Diagonal UBM training#
For the Kaldi recipe that DUBM training is based on, see sid/train_diag_ubm.sh.
Parameter |
Default value |
Notes |
---|---|---|
num_iterations |
4 |
Number of iterations for training UBM |
num_gselect |
30 |
Number of Gaussian-selection indices to use while training |
subsample |
5 |
Subsample factor for feature frames |
num_frames |
500000 |
Number of frames to keep in memory for initialization |
num_gaussians |
256 |
Number of gaussians to use for DUBM training |
num_iterations_init |
20 |
Number of iteration to use when initializing UBM |
initial_gaussian_proportion |
0.5 |
Start with half the target number of Gaussians |
min_gaussian_weight |
0.0001 |
|
remove_low_count_gaussians |
True |
Flag for removing low count gaussians in the final round of training |
Ivector training#
For the Kaldi recipe that ivector training is based on, see sid/train_ivector_extractor.sh.
Parameter |
Default value |
Notes |
---|---|---|
ivector_dimension |
128 |
Dimension of extracted ivectors |
num_iterations |
10 |
Number of training iterations |
num_gselect |
20 |
Gaussian-selection using diagonal model: number of Gaussians to select |
posterior_scale |
1.0 |
Scale on posteriors to correct for inter-frame correlation |
silence_weight |
0.0 |
Weight of silence in calculating posteriors for ivector extraction |
min_post |
0.025 |
Minimum posterior to use (posteriors below this are pruned out) |
gaussian_min_count |
100 |
|
subsample |
5 |
Speeds up training (samples every Xth frame) |
max_count |
100 |
The use of this option can make iVectors more consistent for different lengths of utterance, by scaling up the prior term when the data-count exceeds this value.
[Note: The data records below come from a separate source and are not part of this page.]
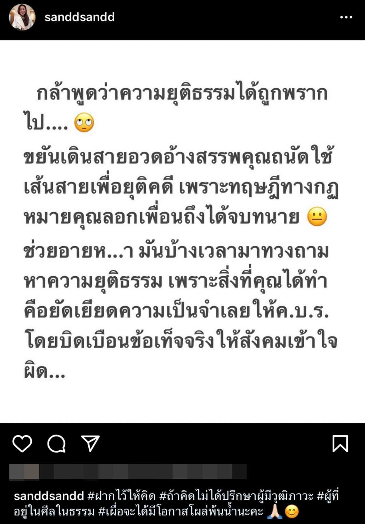 ที่มาจาก เฟซบุ๊ก ษิทรา เบี้ยบังเกิด เลขาธิการมูลนิธิทีมงานทนายประชาชนฯ, อินสตาแกรม @sanddsandd
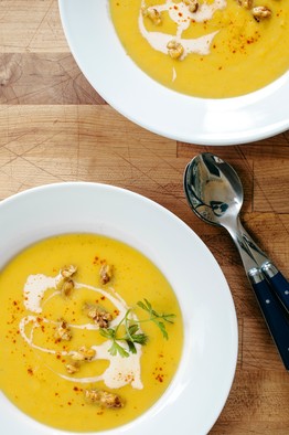 Winter Root Vegetable Potage With Crème Fraiche & Honey Crisped Walnuts 1 Picture
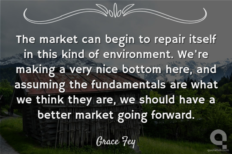 The market can begin to repair itself in this kind of environment. We're making a very nice bottom here, and assuming the fundamentals are what we think they are, we should have a better market going forward.
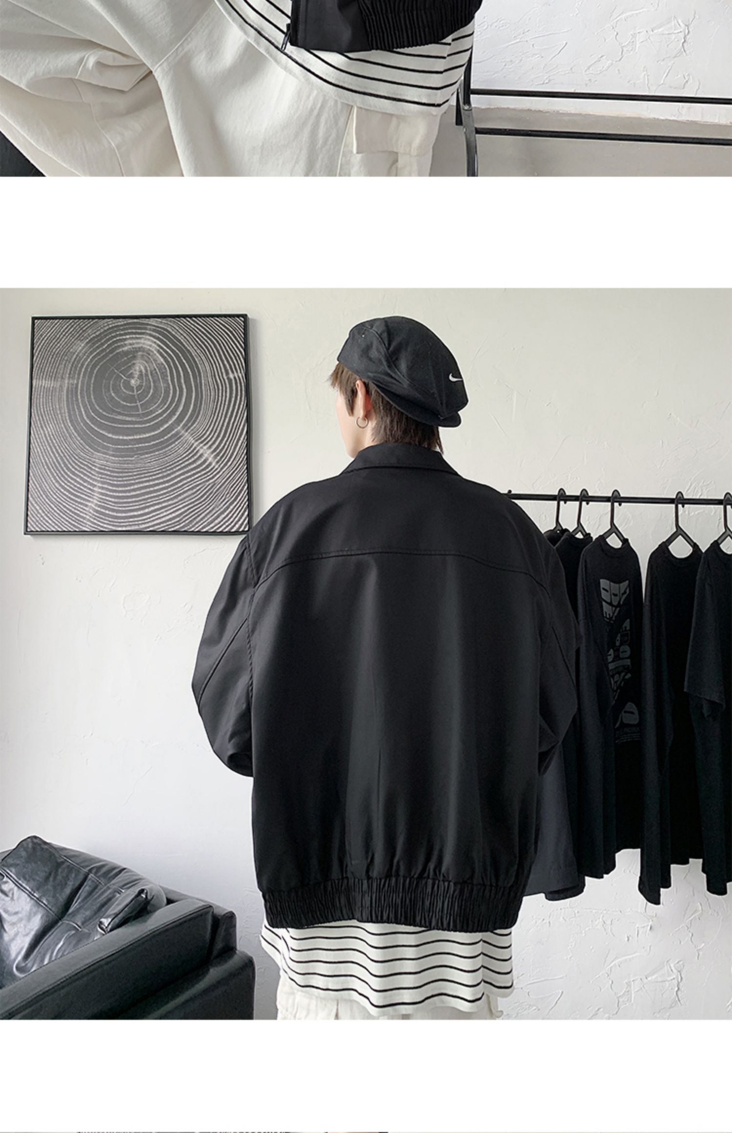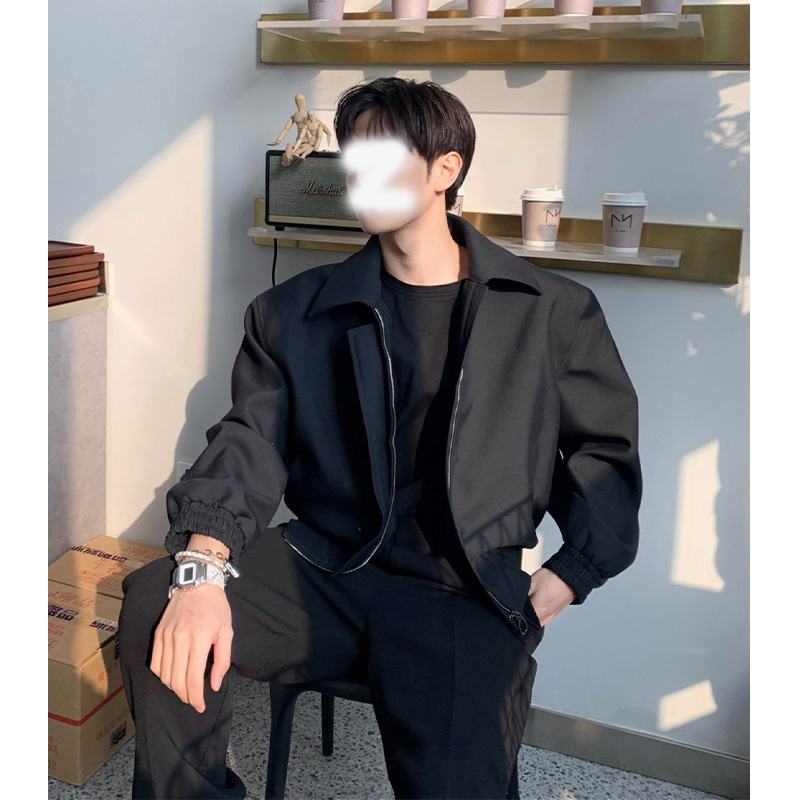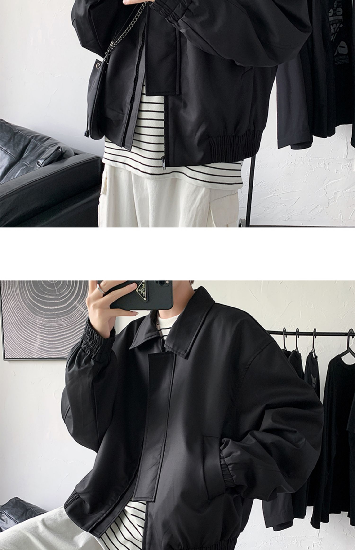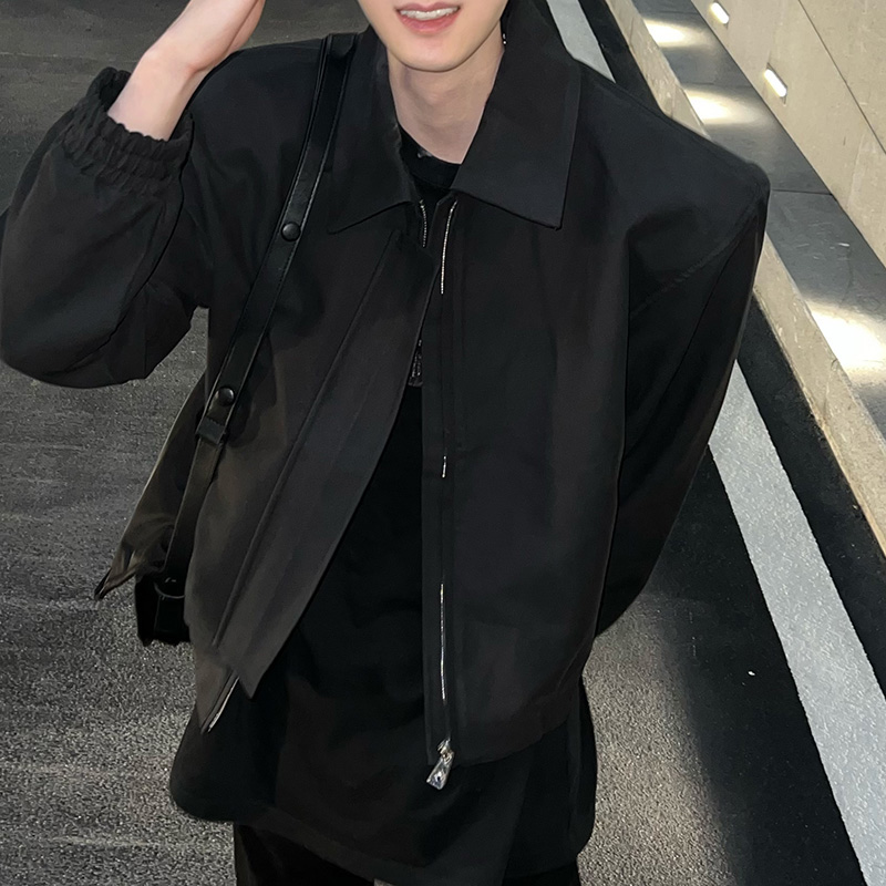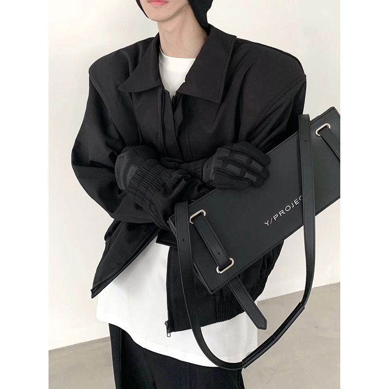 山本耀司短款飛行夾克男春秋款純黑色cleanfit外套墊肩機車騎行服

The data-count is after posterior-scaling, so assuming the posterior-scale is 0.1, max_count=100 starts having effect after 1000 frames, or 10 seconds of data. |
uses_cmvn |
True |
Flag for whether to apply CMVN to input features |
Default training config file#
The below configuration file shows the equivalent of the current 2.0 training regime, mostly as an example of what configuration options are available and how they progress through the overall training.
features:
type: "mfcc"
use_energy: true
frame_shift: 10
training:
- dubm:
num_iterations: 4
num_gselect: 30
num_gaussians: 256
num_iterations_init: 20
- ivector:
ivector_dimension: 128
num_iterations: 10
gaussian_min_count: 100
silence_weight: 0.0
posterior_scale: 0.1
max_count: 100